Every line in the data below from the one containing "Сматывание проложенной рукавной" down to the one containing "Постоянный участник кроссфита", both included, must be retyped exactly; no other line is to appear.
++++ Data provided ++++
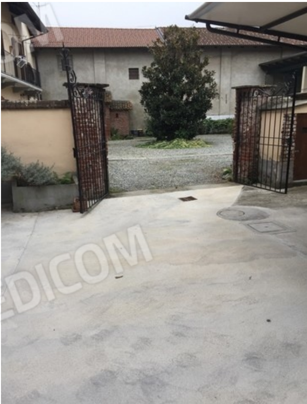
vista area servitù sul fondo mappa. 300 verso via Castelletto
++++
++++ Data provided ++++
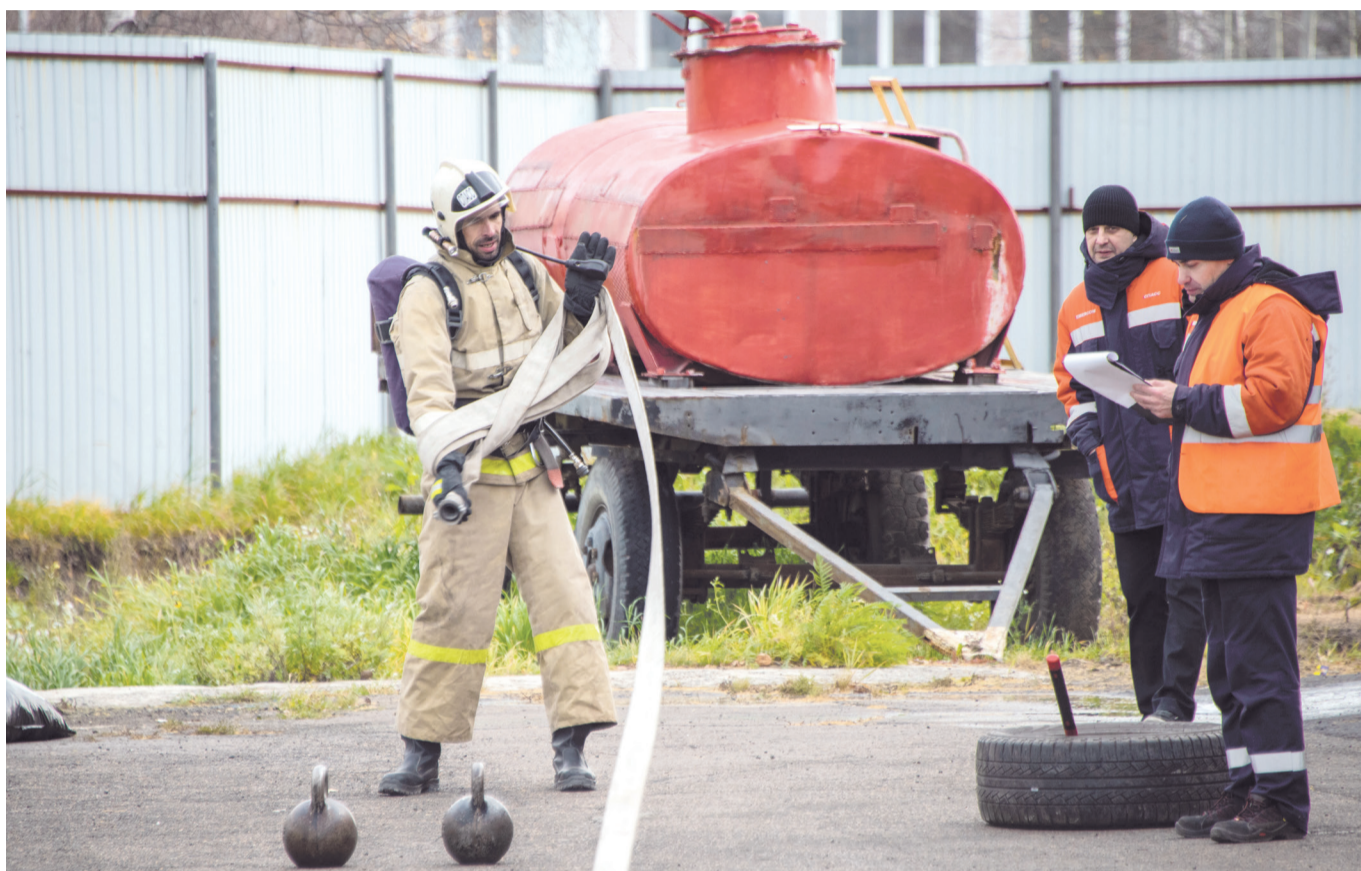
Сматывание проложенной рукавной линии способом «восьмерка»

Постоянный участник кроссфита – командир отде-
++++
◆ **Answer to this problem**
Сматывание проложенной рукавной линии способом «восьмерка»

Постоянный участник кроссфита – командир отде-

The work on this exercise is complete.